Lots of vegetables and low-fat kielbasa pack this recipe, making it both filling and healthy. (AP Photo/Larry Crowe) - AP

Black-Eyed Peas, Collard Greens and Smoked Sausage Soup

If losing weight is on your to-do list, try slurping some soup. A bowl of soup is mostly liquid, making it a lower-calorie way to feel satisfied without actually being stuffed — or stuffing in lots of calories. This is why so many diets tell you to drink water all the time. The more full you feel, the less likely you are to consume unwanted calories.

Of course, not just any bowl of soup works with this plan. Many canned varieties are loaded with sodium, and creamy soups can be filled with fat.

Making soup in your own kitchen can be easy, and is the best way to control what you consume.

For broth-based soups, be sure to start with a reduced-sodium broth, then add plenty of vegetables and beans or grains. Besides being low in calories and filling, beans and grains are packed with healthful dietary fiber and nutrients.

If you want a creamy but low-fat soup, you might start with a base of pureed vegetables. Winter squashes and sweet potatoes can be roasted to intensify the flavors, then run through a food mill, blender or food processor. Added to broth, these purees make for a wonderfully creamy soup base.

Start to finish: 25 minutes

Servings: 4


1/2 pound 97-percent fat-free kielbasa or smoked sausage

1 teaspoon extra-virgin olive oil

1 medium yellow onion, chopped

1 1/2 cups peeled, diced potato

1 (15-ounce) can black-eyed peas, rinsed

5 ounces frozen collard or turnip greens or spinach

1 (14-ounce) can reduced-sodium chicken broth

1 1/4 cups water

Salt, to taste

Ground black pepper, to taste


Cut the sausage in half lengthwise, then crosswise into 1/4-inch slices. In a large pot over medium, heat the oil. Add sliced sausage and cook, stirring often, until lightly browned, about 2 to 3 minutes. Add the onion and saute until softened, 3 to 4 minutes.

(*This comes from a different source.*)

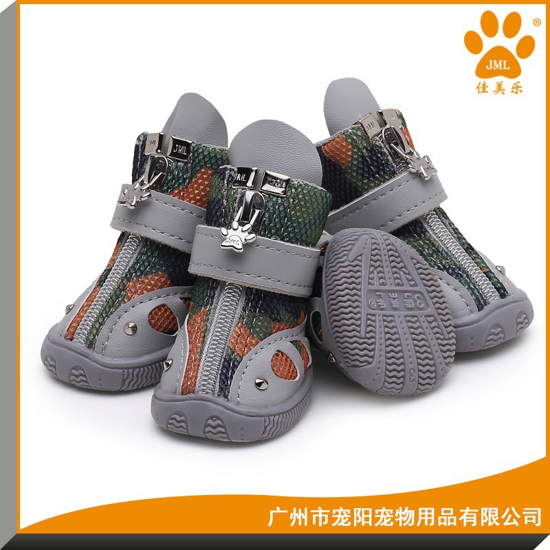 Jiamile 새로운 위장 인쇄 개 신발 통기성 메쉬 신발 작은 물고기 장식 애완 동물 신발 개 신발

Add the potatoes, black-eyed peas, greens or spinach, broth and water. Bring to a simmer, cover pot and cook over low heat until potatoes are tender, about 15 minutes. Season with the salt and pepper.

Nutrition information per serving (values are rounded to the nearest whole number): 279 calories; 102 calories from fat (36 percent of total calories); 11 grams fat (4 g saturated; 0 g trans fats); 40 milligrams cholesterol; 32 g carbohydrate; 16 g protein; 6 g fiber; 971 mg sodium.